Este punto no puede no cumplirse, pero no parece justificar con argumentos, que se evite una licitación pública en la que varios oferentes compitan entre sí y ofrezcan el mejor servicio de seguridad posible, al menor precio posible.

De todas formas, en el caso de Mega Seguridad SRL, los servicios tercerizados de seguridad y vigilancia no son los únicos negocios que tendría la firma con el Estado provincial. Es que de acuerdo con el referente del Sutras (Sindicato Único de Trabajadores de Seguridad) Sergio Soria, Mega Seguridad SRL, en época del gobierno de Maurice Closs, instaló cámaras de seguridad en Aristóbulo del Valle; San Vicente; Oberá; Leandro N. Alem, Apóstoles y Cerro Azul.

Como el Ministro de Gobierno en esa oportunidad era Jorge Franco, un médico oriundo de Cerro Azul, esa localidad se llenó de estas cámaras de videovigilancia que Mega Seguridad habría facturado al Estado provincial. Desde entonces, la empresa de los Stanganelli viene haciendo el mantenimiento de esos sistemas que se entregaron al 911. Pero esos equipos “nunca funcionaron al 100%”, sino que “siempre operaron a un 30%”. “Hasta hoy esas localidades no poseen a las Cámaras Urbanas en funcionamiento al 100%, pero los meses se cobra la concesión”, reveló Soria en su programa radial, “Perspectivas en Radio”, por Radio Lateral.

Los contratos con Mega Seguridad, según Soria, incluirían también los GPS de los patrulleros de la policía y los botones antipánico entregados a víctimas de violencia de género, sistemas que no estarían recibiendo el correcto y elemental mantenimiento. 

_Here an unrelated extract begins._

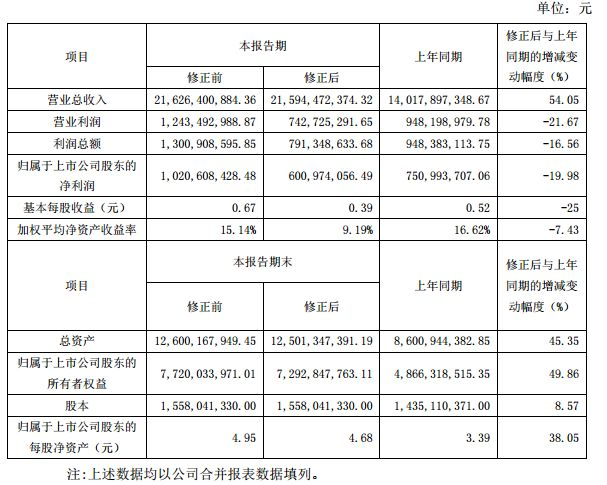 2018 年末总资产余额为 12,501,347,391.19 元,比期初增长 45.35%;报告期末归属于上市公司股东的所有者权益为 7,292,847,763.11 元,比期初增长 49.86%;报告期末股本 1,558,041,330.00 元,比期初增长 8.57%,报告期末每股净资产为 4.68 元,比期初上升了 38.05%。
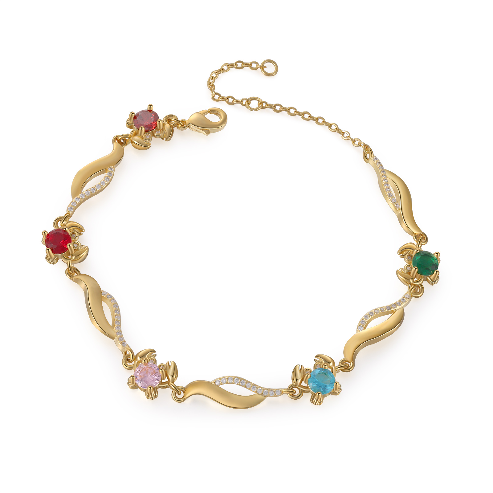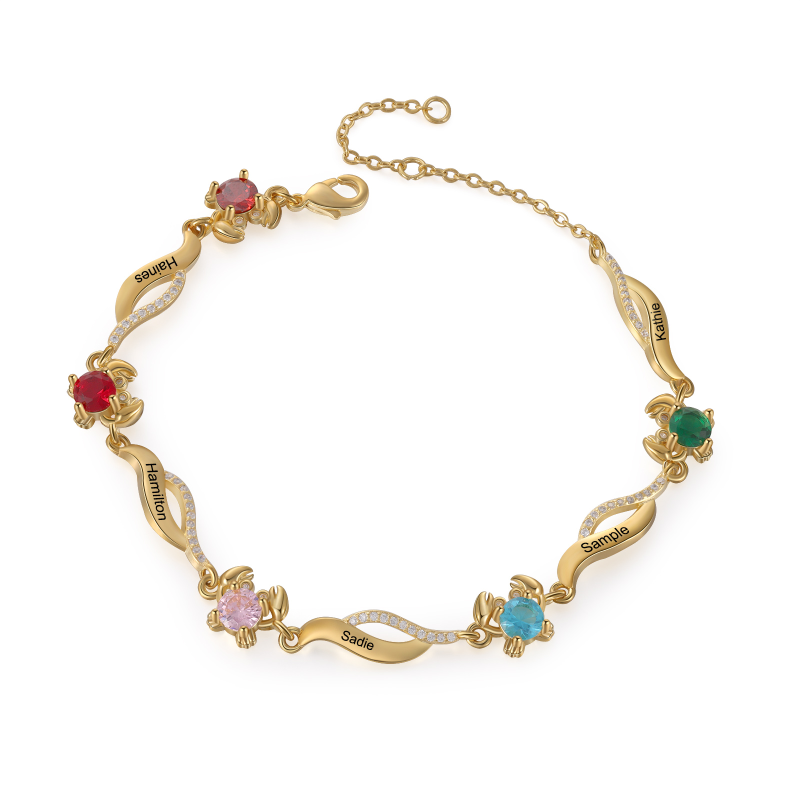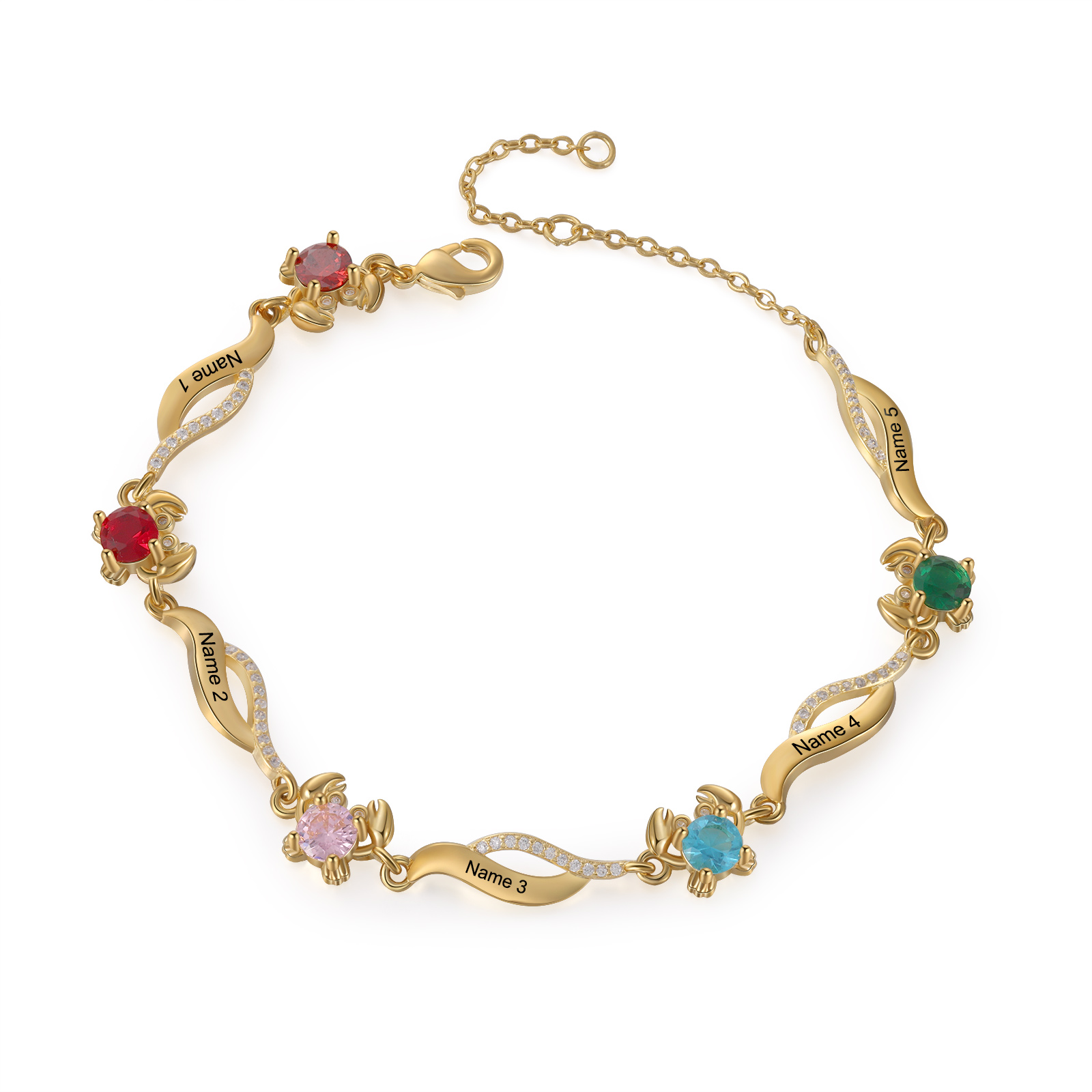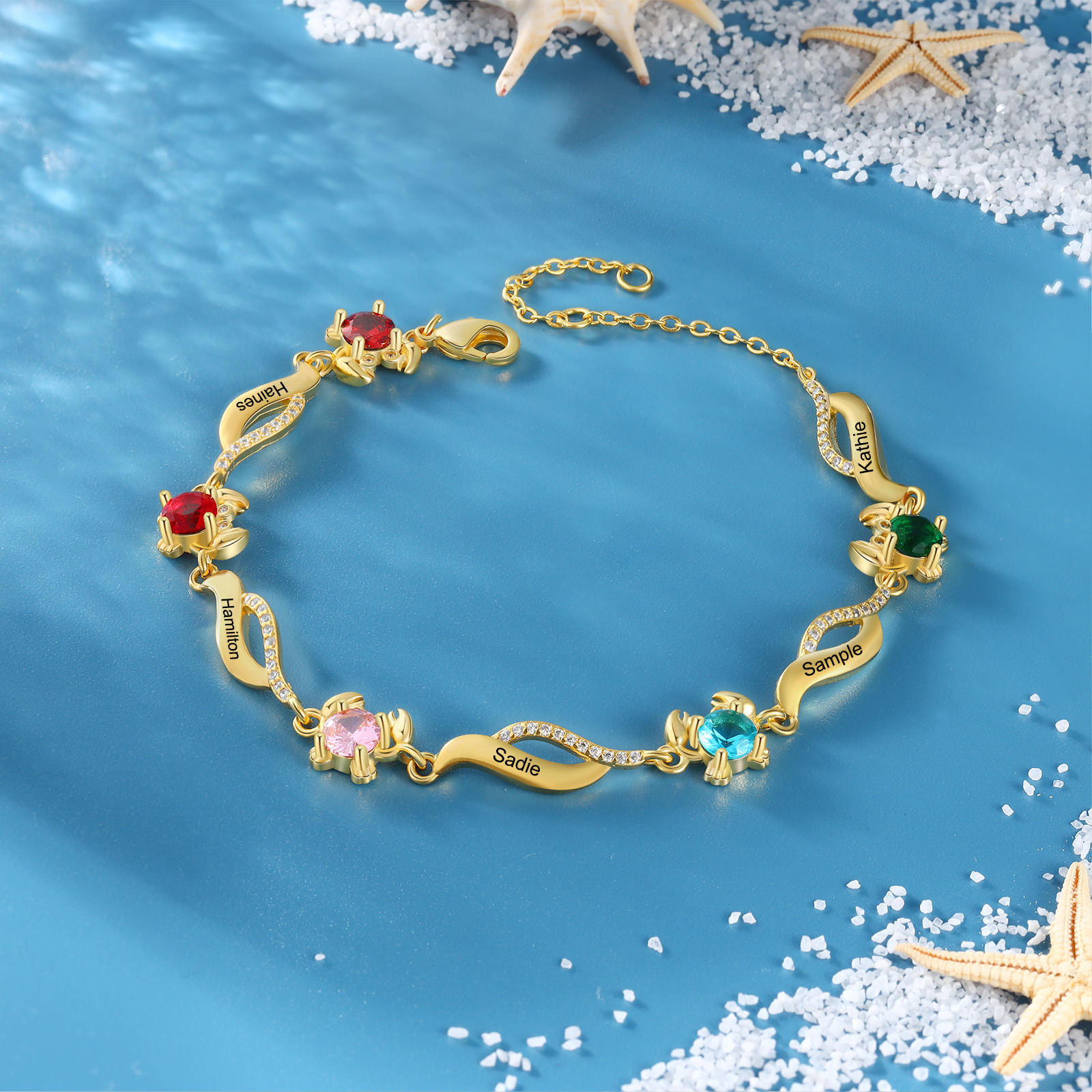 Braccialetto granchio personalizzato con 5 pietre di nascita e 5 nomi personalizzati regalo per donna

En cuanto a los otros decretos por los que el MSP pagó millones a Segen SRL y Gente Porá Ltda., tampoco parecen cumplirse, las condiciones previstas por los artículos invocados de la Ley de Contabilidad General. 

El Artículo 45° afirma que “todo crédito votado con una finalidad determinada, pero enunciada en forma general se entenderá que comprende los gastos adicionales afines que, accesoriamente, sean indispensables para concurrir al objeto previsto.”

En tanto, el Artículo 80° de la norma indica: “Si el gasto pendiente de pago de un ejercicio anterior hubiera sido realizado por un agente no autorizado para ello o en contravención con las normas reglamentarias establecidas o sin contar con créditos necesarios, será también reapropiado a la partida específica del nuevo presupuesto. Para ello será necesario el reconocimiento del gasto por el organismo pertinente, conforme lo establecido en el Artículo 44° (…)”

Asimismo, el Artículo 85° el inciso “d”, precisa que se podrá realizar contrataciones directas “cuando circunstancias imprevisibles o razones de urgencia debidamente fundadas, no permitan esperar la gestión de una licitación; (…)” Si hubo circunstancias imprevisibles para la contratación directa que benefició a la Cooperativa Gente Porá Ltda., las mismas no fueron hechas públicas.

El final de ese artículo 85° de la Ley VII – N° 11 sostiene que “las causales de excepción para realizar contrataciones directas que así lo requieran, deberán ser razonadamente fundadas, bajo responsabilidad exclusiva de la autoridad con competencia para contratar que las invoca. Esta autoridad, ejerce así la facultad excluyente de determinar el mérito, oportunidad o conveniencia del acto.”